The waiting room is bursting with people in line for their Rorschach images, their internal inkblots. Mine will show a beating heart, tiny fingers and toes, but the others in this room are not waiting for something so delicate or sweet. They’ve come to see the true breadth of what ails them, the lumps and bumps of scary things, lurking in the dark things.

The woman next to me is holding hands with her third round of chemo. As long as there is any offer of hope, she will be fighting. I admire her more than I have words for. What great strength must she possess in those frail, irradiated bones to face mortality with such hope.

She wears her baldness uncovered, a badge of honor, a crested buckler against death. She’s a fighter, deftly deflecting each coup de grace thrust in her direction. She won’t go quietly. Next to her, I’m a novice. I hope when the duel is mine, I am as strong as her, my will as sharp.

I am not here to parry, but to bring the next student into the world. I am waiting to hear that locomotive heart, to feel him moving beneath my skin, squirming against his prison. Anxious to begin his training.

He’s going to come out bald, like the woman next to me, and I hope he’s a fighter like her.
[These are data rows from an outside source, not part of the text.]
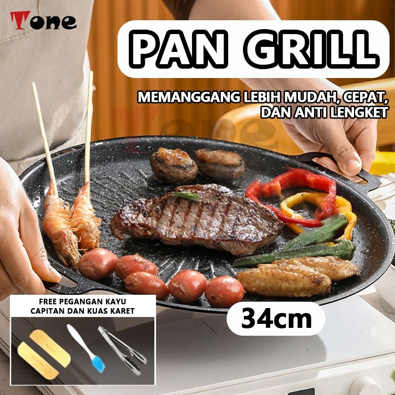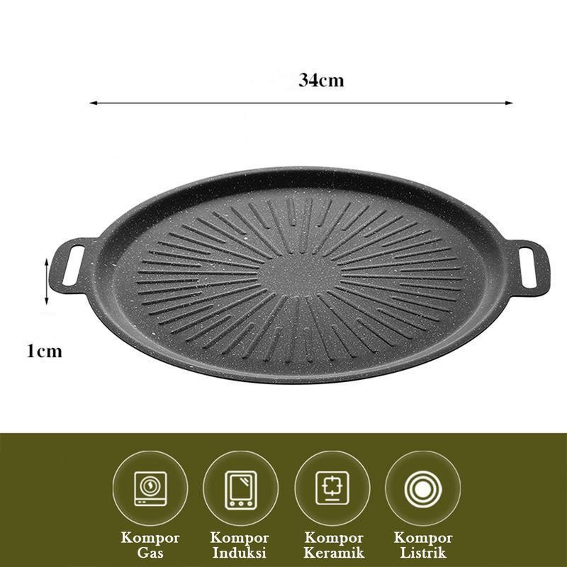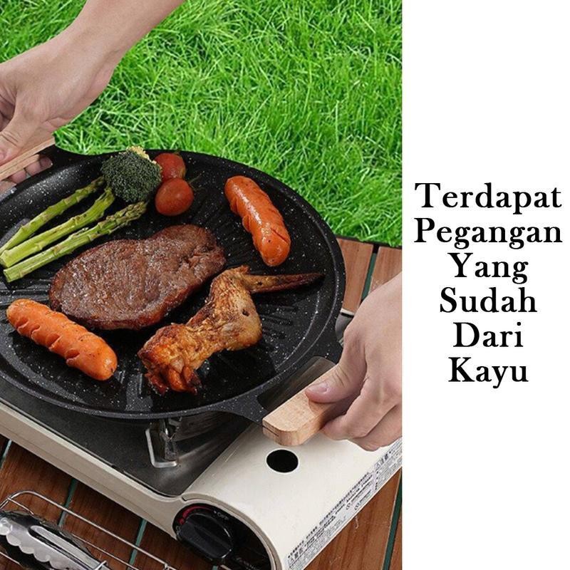 Wajan Teflon Anti Lengket Grill Pan 34cm Serbaguna BBQ Panggang Daging Ikan Ayam Kompor Gas Portable
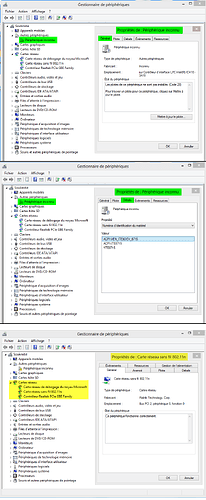 Je vous mets une captures de trois fenêtre du gestionnaire de périphérique car les règles du forum m’interdisent d’en poster d’avantage.
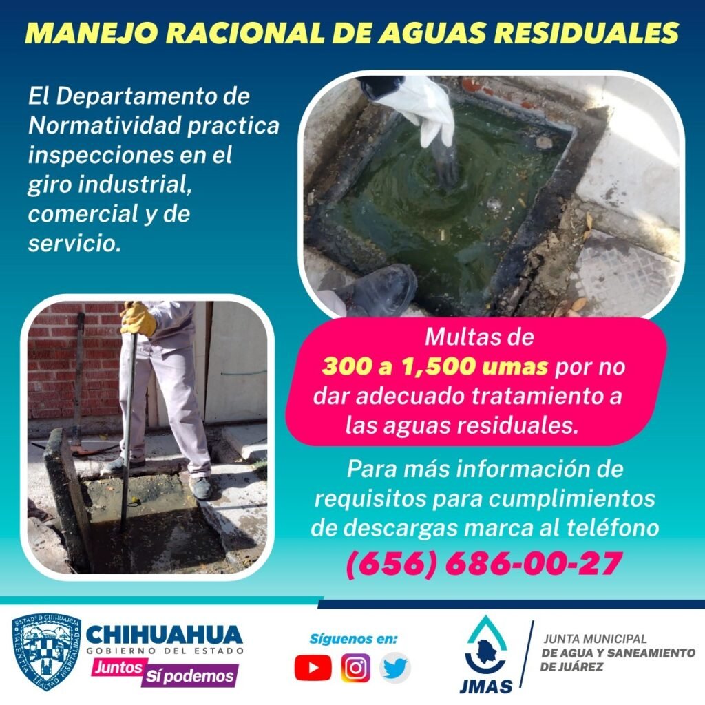 La Junta Municipal de Agua y Saneamiento (JMAS Juárez) a través del departamento de Normatividad, pide a comercios e industrias cuenten con su permiso de descarga de grasas, uso y manejo adecuado del agua residual, para evitar daños al sistema de alcantarillado además de las plantas tratadoras; así mismo para prevenir y controlar la contaminación del agua.
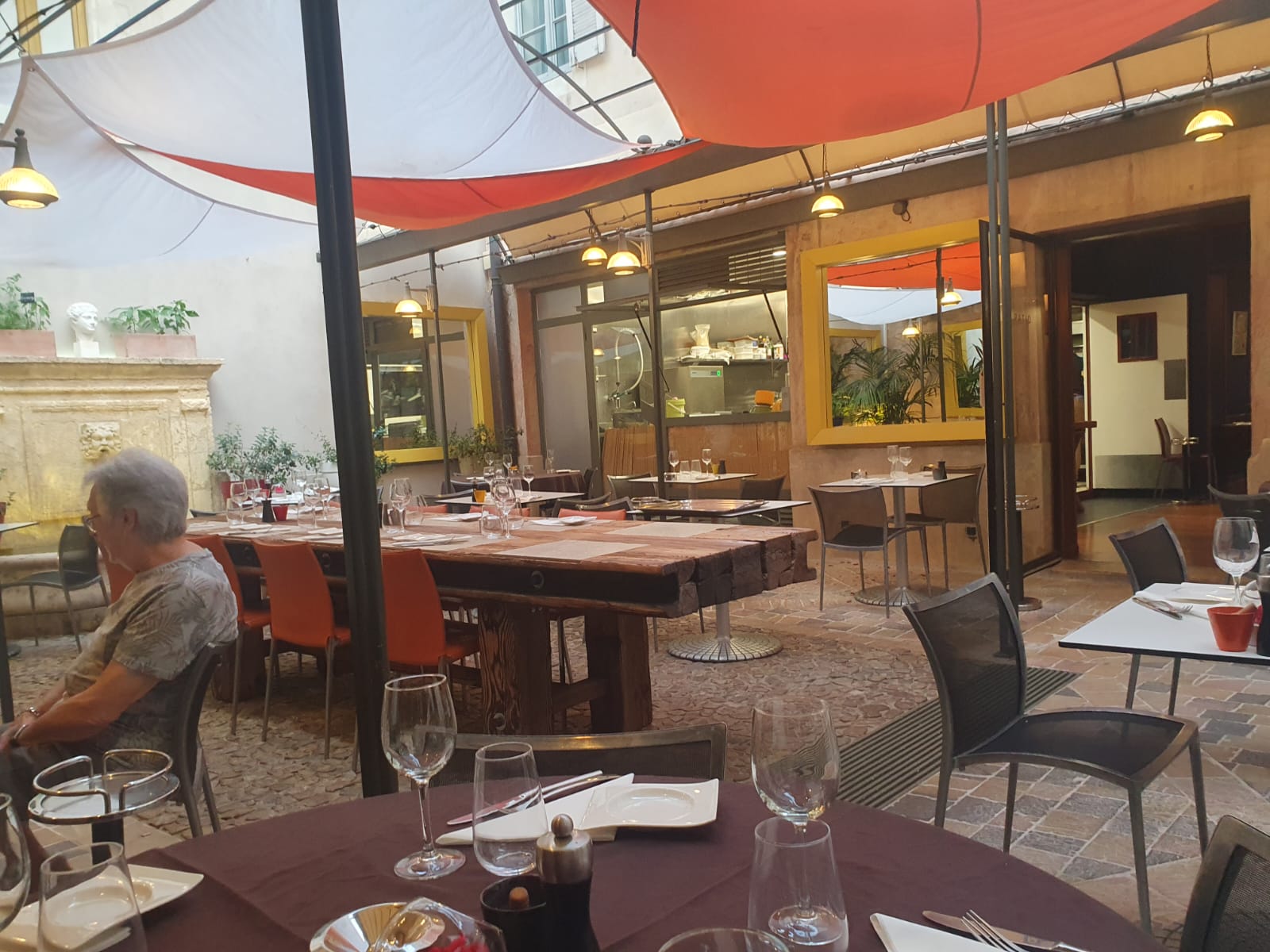 La jolie terrasse nous à fait envie, le patio est très sympathique également. Nous avons adoré l'apérol Spritz que l'on nous à préparé. Les plats étaient également bon et le service impeccable. En bref, nous avons adoré ce petit restaurant dans Nîmes et nous y retournerons. N'hésitez pas essayez le.
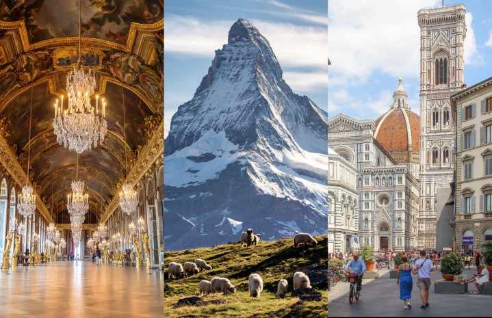 🗺️阶梯提倡(参考图2):法国(巴黎)→ 瑞士(因特拉肯-卢塞恩)→ 意大利(米兰-威尼斯-佛罗伦萨-罗马)
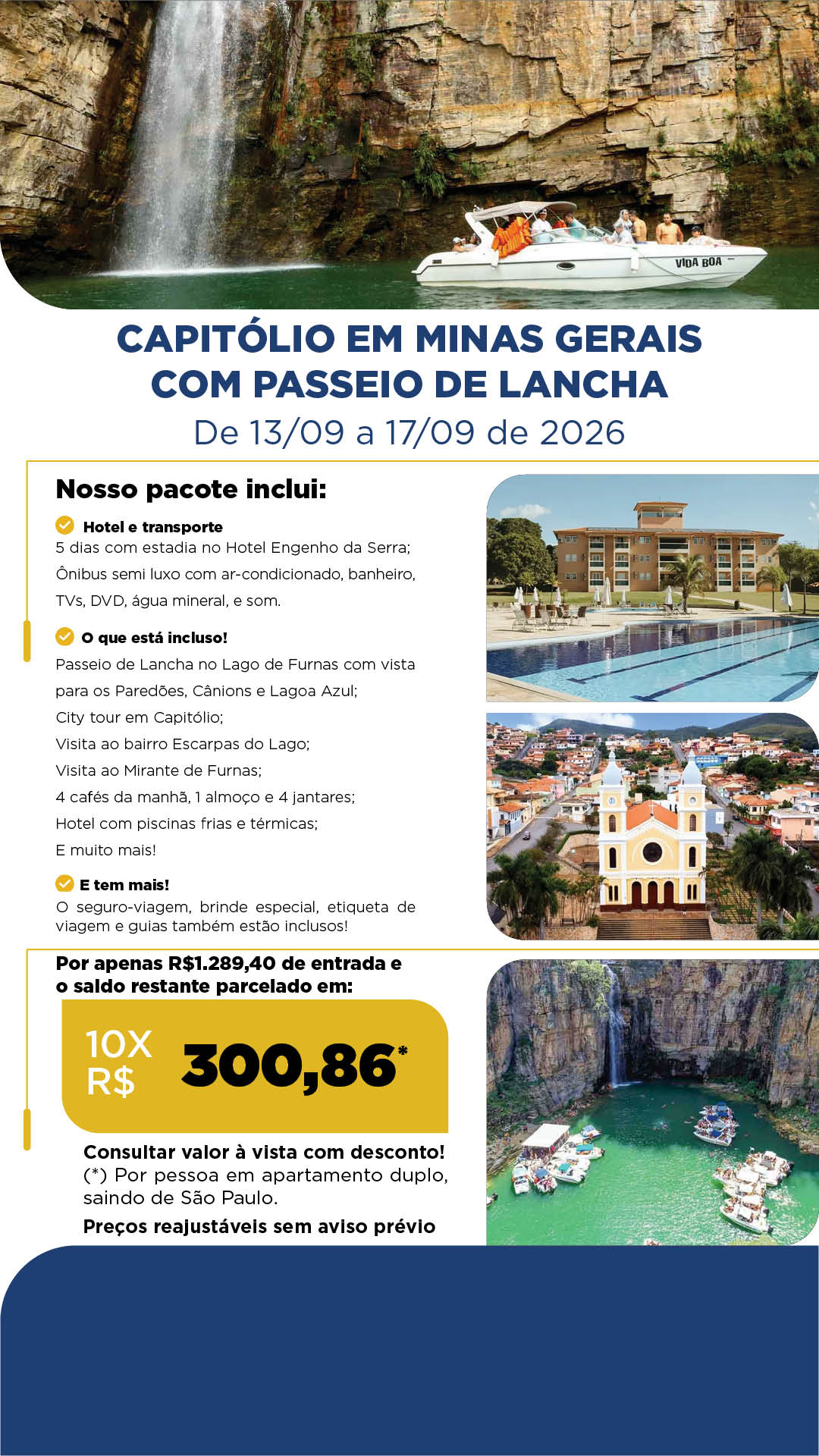 Venha aproveitar Capitólio e suas maravilhas no melhor hotel da região, com boas companhias e um passeio de lancha para apreciar as paisagens! Serão 5 dias aproveitando tudo que Capitólio tem a oferecer! Lagos de águas azul turquesa, cânions maravilhosos e muitas paisagens deslumbrantes, além de ficarmos hospedados no Hotel Engenho da Serra, que é considerado o melhor hotel da região, com várias opções de lazer, muitas atividades, café da manhã incluso e muito mais!!

I pray that my boy has the same strength to face life, the same steel will. I pray that the woman next to me finds her answer, finds remission in her IV bag, victory in hand.


I know it’s not exactly grief in the most obvious way, but for me, hope and grief spend a lot of time holding hands. The woman was more an amalgamation of people in that room and I knew none of them and I have no idea what happened to any of them. I prefer to think that each of them won the wars they were fighting.